# Records shown
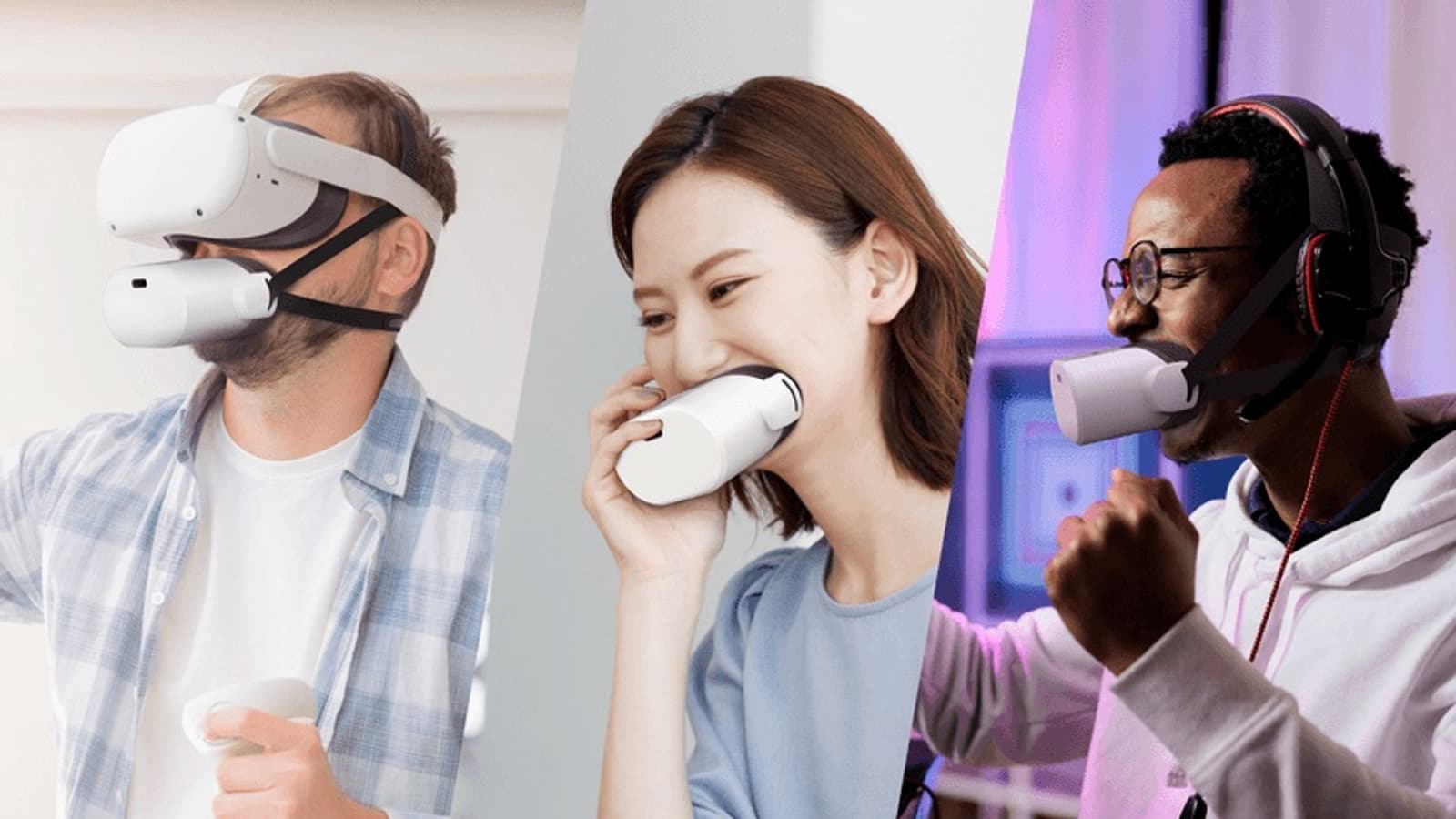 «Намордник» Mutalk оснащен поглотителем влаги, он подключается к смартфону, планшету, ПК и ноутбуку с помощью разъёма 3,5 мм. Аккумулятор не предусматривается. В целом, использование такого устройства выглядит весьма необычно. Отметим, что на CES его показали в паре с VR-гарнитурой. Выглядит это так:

==

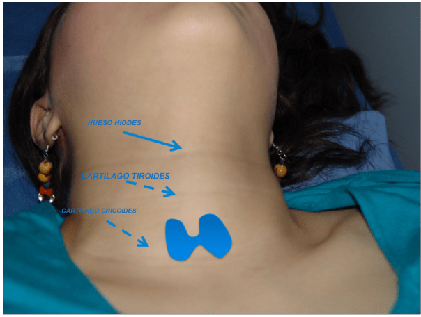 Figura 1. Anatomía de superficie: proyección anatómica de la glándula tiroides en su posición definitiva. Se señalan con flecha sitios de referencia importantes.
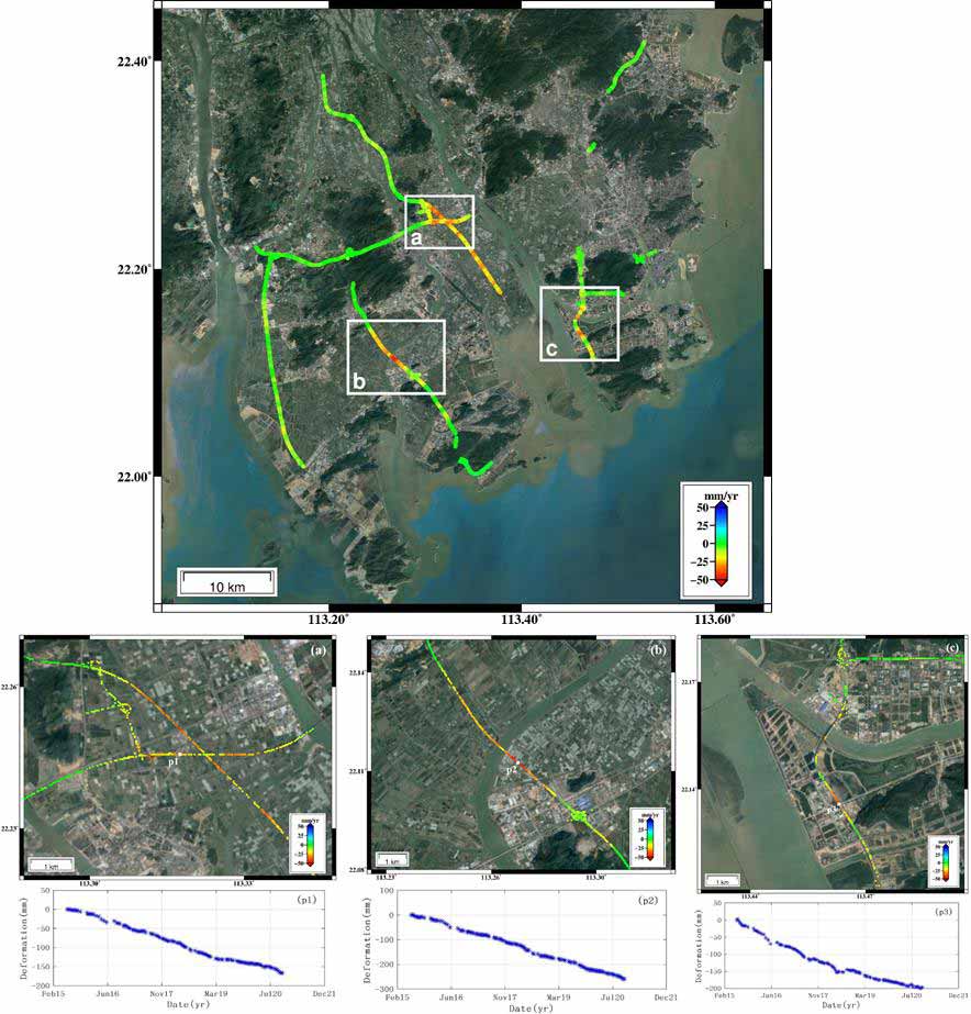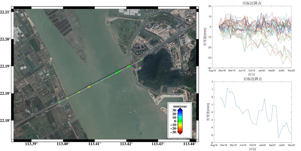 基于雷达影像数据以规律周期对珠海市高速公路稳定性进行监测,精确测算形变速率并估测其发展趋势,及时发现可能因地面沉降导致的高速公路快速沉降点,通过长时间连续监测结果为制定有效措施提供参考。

# Instructions to follow
Copy exactly the lines of the listing above between the one holding "Figura 1. Anatomía" and the one holding "基于雷达影像数据以规律周期对", inclusive; omit all pictures.

# Answer area
 Figura 1. Anatomía de superficie: proyección anatómica de la glándula tiroides en su posición definitiva. Se señalan con flecha sitios de referencia importantes.
 基于雷达影像数据以规律周期对珠海市高速公路稳定性进行监测,精确测算形变速率并估测其发展趋势,及时发现可能因地面沉降导致的高速公路快速沉降点,通过长时间连续监测结果为制定有效措施提供参考。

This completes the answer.